Depois que a Batalha de Kurukṣetra acabou, e que os Pāṇḍavas foram estabelecidos no trono, Kṛṣṇa, antes de voltar para casa, para Dvārakā, despedia-Se de Sua tia e desejava seu bem-estar. Foi nesse momento que Kuntī ofereceu esta prece. Agora ela pede diretamente: “Será verdade que, após terminar Seus deveres, Você está indo embora e nos deixando sozinhos?” Esta é a posição do devoto. Kuntīdevī diz, yeṣāṁ na cānyad bhavataḥ padaṁbujāt: “Não temos outra fonte de proteção além de Seus pés de lótus”. Isto é rendição completa.

No processo de rendição (śaraṇāgati), existem seis itens. O primeiro é que a pessoa deve depender completamente de Kṛṣṇa, e o segundo, aceitar tudo que seja favorável ao serviço a Kṛṣṇa (ānukūlyasya saṅkalpa). Em O Néctar da Devoção, está dito: ānukūlyena kṛṣṇānuśilanaṁ bhaktir uttamā. Um sintoma de serviço devocional (bhakti) de primeira classe é que a pessoa aceita tudo que seja favorável para tal serviço. Outro item de rendição é prātikūlyasya varjanam, rejeitar tudo o que seja desfavorável para o desenvolvimento da consciência de Kṛṣṇa. De vez em quando, o mestre espiritual diz “Não faça isto”, proibindo algo desfavorável, e também recomenda o que é favorável: “Faça isto. Cante Hare Kṛṣṇa”. Rendição completa, portanto, envolve abandonar coisas desfavoráveis e aceitar o que é favorável (ānukūlyasya saṅkalpaḥ prātikūlyayasya varjanam). Ainda mais, a pessoa deve crer com fé completa, “Kṛṣṇa me protegerá”, e considerar-se um dos servos de Kṛṣṇa. Estes são alguns dos itens de śaraṇāgati, rendição completa.

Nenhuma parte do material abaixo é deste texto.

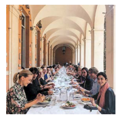
#fellows #week1 September 13, 2018
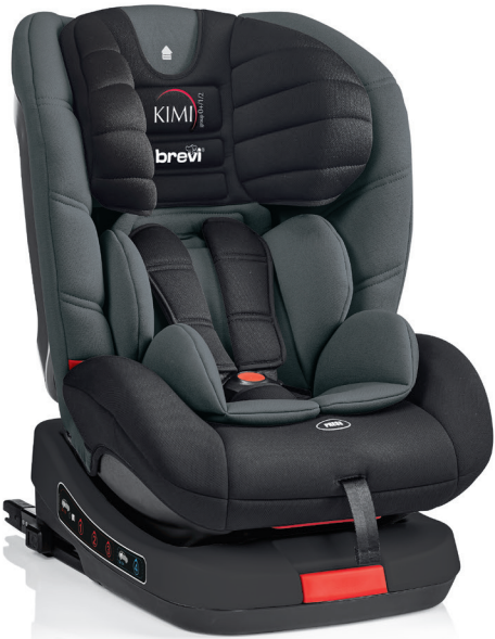
Grey Item 533 – Col. 077
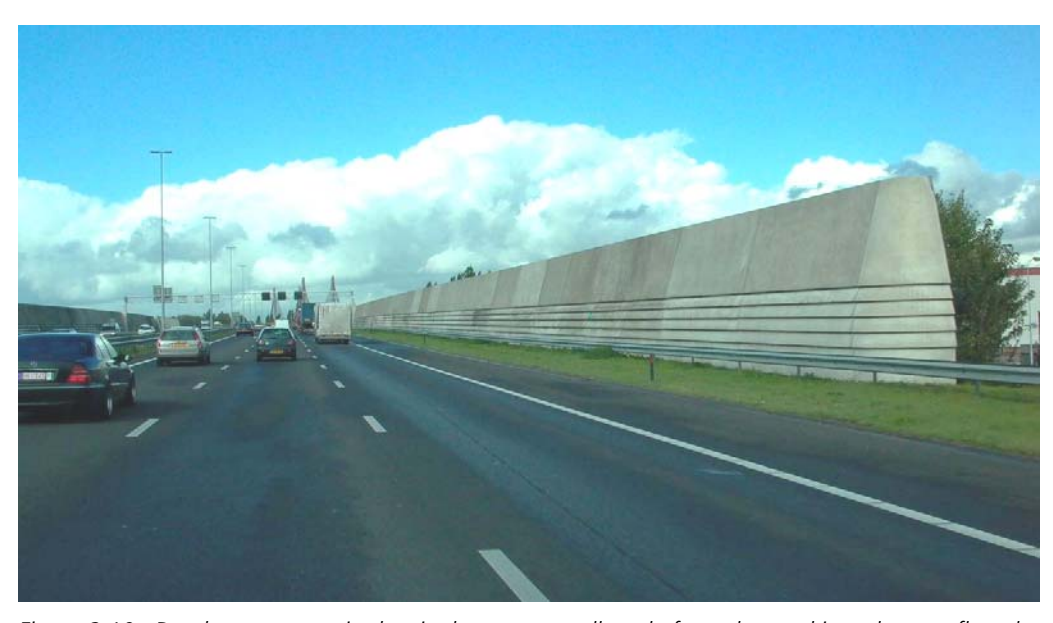
Figure 2.10. Dutch concrete noise barrier bent at a small angle from the road in order to reflect the noise upwards to reduce the disturbance of residents on the other side of the highway.

There are different solutions to reflection problems deriving from noise screening installations. These solutions involve different visual impacts, which can make their mark on the surroundings of the road. The barrier can be erected at a slant so that the noise is reflected up into the air, where it will not disturb anyone (see Figure 2.9 and 2.10). For an earth embankment with sloping sides this will always be the case.
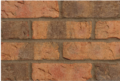
Facing Material – Forterra Woodside Mixture
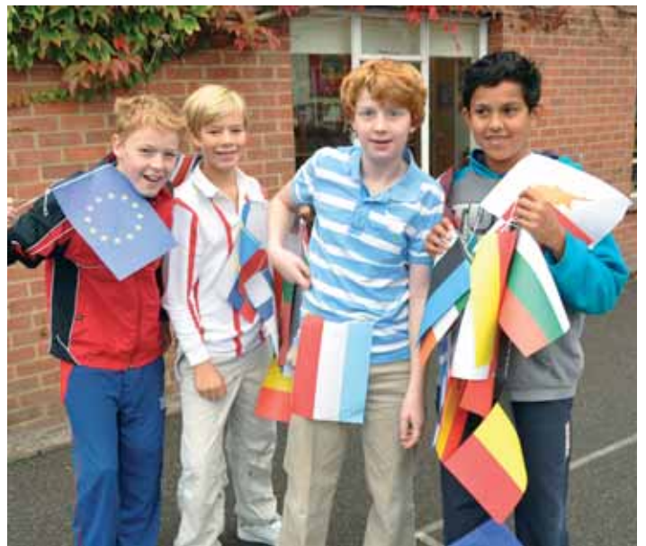
European Day 2011
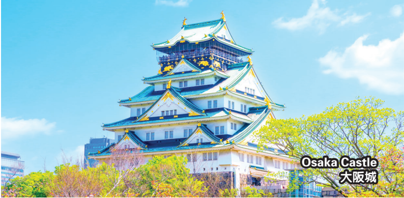
Osaka Castle 大阪城
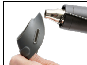
Use a spot heater to heat the edge of the brace until shiny and the material gives when pushed. DO NOT OVERHEAT

This step should be done by a healthcare professional trained in fitting braces
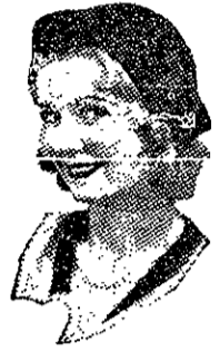
A pipe is not for girls

WOMEN don't smoke pipes. They're not the style for women. But pipes are the style for men, and more than that, a pipe and good tobacco gives a man greater smoking pleasure than tobacco in any other form.
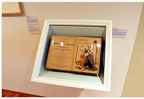
Fig. 7, Installation. [view image & full caption]

Agora, Kuntīdevī diz: “Meu querido Kṛṣṇa, se Você pensa que agora que o reino foi recuperado estamos bem estabelecidos e Você já pode ir embora, essa proposta não é muito boa. Nós ainda não estamos livres. Porque matamos tantos reis, todos os seus amigos estão planejando vir lutar conosco novamente. Então, não pense que estamos livres de todos os perigos. Não estamos. E não temos outra fonte de proteção além de Seus pés de lótus. Esta é nossa posição”. Assim, indiretamente, ela disse a Kṛṣṇa: “Não nos abandone. Não pense que agora estamos seguros. Sem Sua proteção estamos sempre em perigo”.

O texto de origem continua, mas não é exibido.